- **Task to complete**
Transcribe the full listing exactly, and drop every picture.

- **Data in this exercise**
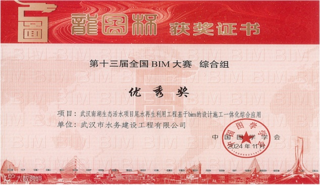 2024年11月,武汉控股工程公司提交的作品《武汉南湖生态活水项目尾水再生利用工程基于BIM的设计施工一体化综合应用》荣获2024年第六届“市政杯”BIM应用技能大赛二类成果和2024年第十三届“龙图杯”全国BIM大赛优秀奖。
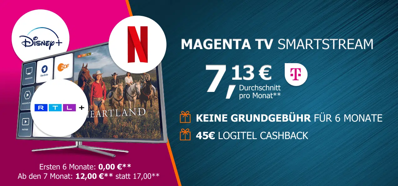 TOP 6 Monate GRATIS 🔥 Telekom MagentaTV SmartStream: 45€ Cashback für TV in HD + Netflix + Disney+ & RTL+ ➡️ ab dem 7. Monat nur 12€ (=> effektiv 7,13€/Monat)
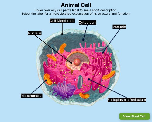 Hover over any cell part's label to see a short description. Select the label for a more detailed explanation of its structure and function.
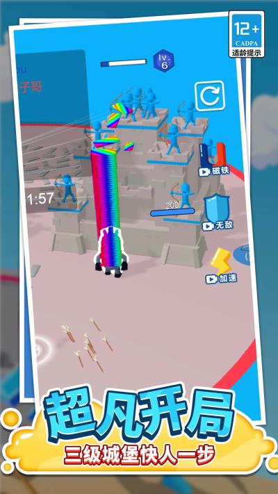 这款游戏的亮点在于其简单而富有趣味的操作方式。玩家只需通过简单的手指滑动,就可以轻松控制角色在场地中移动,抢夺砖块,建造城堡。游戏采用了精美的3D画面设计,带来了更为真实的游戏体验。每一处细节都经过精心打磨,营造出一个生动的游戏世界。游戏中还设置了多种关卡,难度逐渐增加,保证了玩家的挑战性与乐趣。
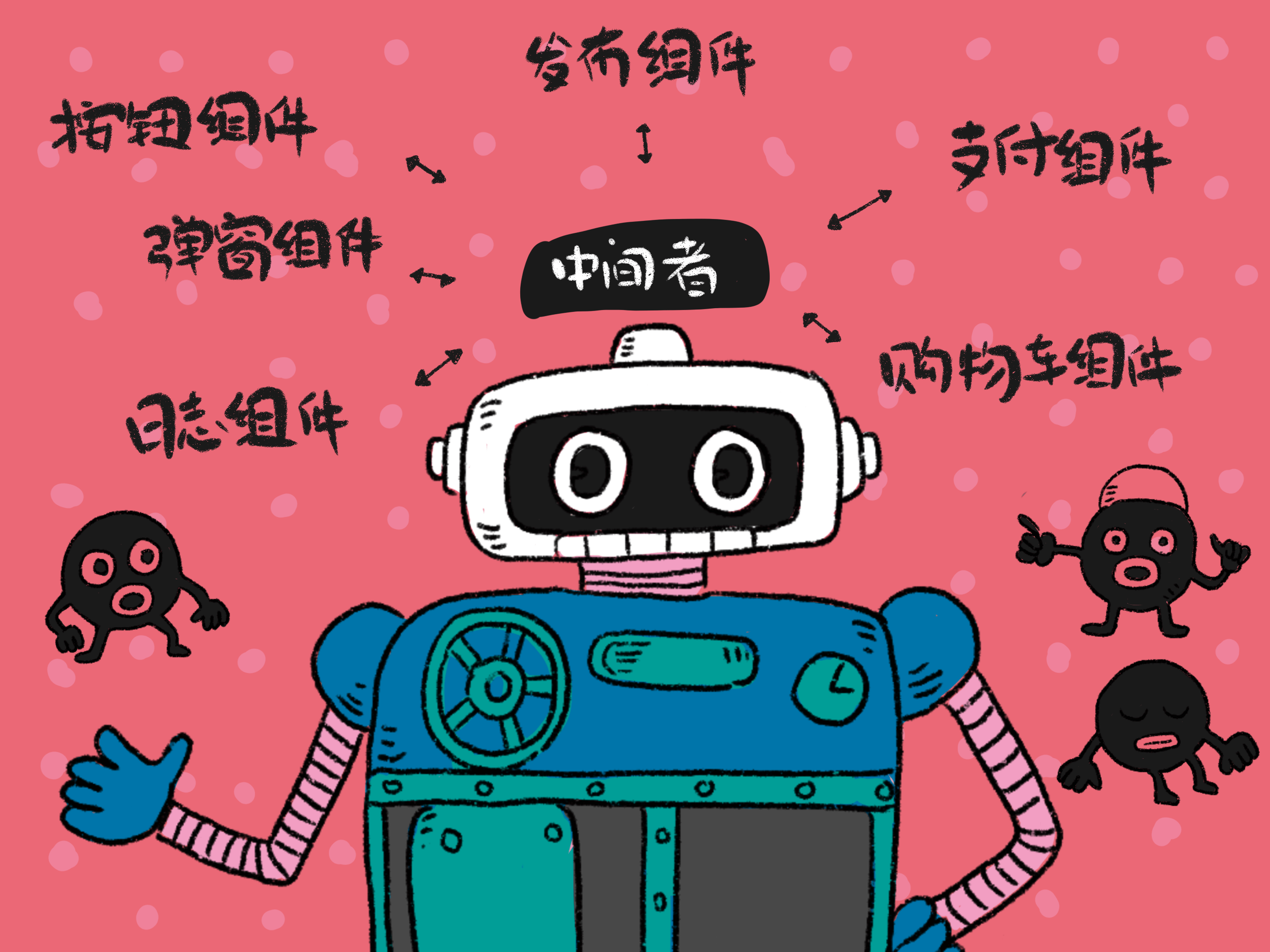另一种常用的架构形式是中间者架构。它采用中间者统一管理的方式,来控制 App 的整个生命周期中组件间的调用关系。同时,iOS 对于组件接口的设计也需要保持一致性,方便中间者统一调用。

- **Result below**
 2024年11月,武汉控股工程公司提交的作品《武汉南湖生态活水项目尾水再生利用工程基于BIM的设计施工一体化综合应用》荣获2024年第六届“市政杯”BIM应用技能大赛二类成果和2024年第十三届“龙图杯”全国BIM大赛优秀奖。
 TOP 6 Monate GRATIS 🔥 Telekom MagentaTV SmartStream: 45€ Cashback für TV in HD + Netflix + Disney+ & RTL+ ➡️ ab dem 7. Monat nur 12€ (=> effektiv 7,13€/Monat)
 Hover over any cell part's label to see a short description. Select the label for a more detailed explanation of its structure and function.
 这款游戏的亮点在于其简单而富有趣味的操作方式。玩家只需通过简单的手指滑动,就可以轻松控制角色在场地中移动,抢夺砖块,建造城堡。游戏采用了精美的3D画面设计,带来了更为真实的游戏体验。每一处细节都经过精心打磨,营造出一个生动的游戏世界。游戏中还设置了多种关卡,难度逐渐增加,保证了玩家的挑战性与乐趣。
另一种常用的架构形式是中间者架构。它采用中间者统一管理的方式,来控制 App 的整个生命周期中组件间的调用关系。同时,iOS 对于组件接口的设计也需要保持一致性,方便中间者统一调用。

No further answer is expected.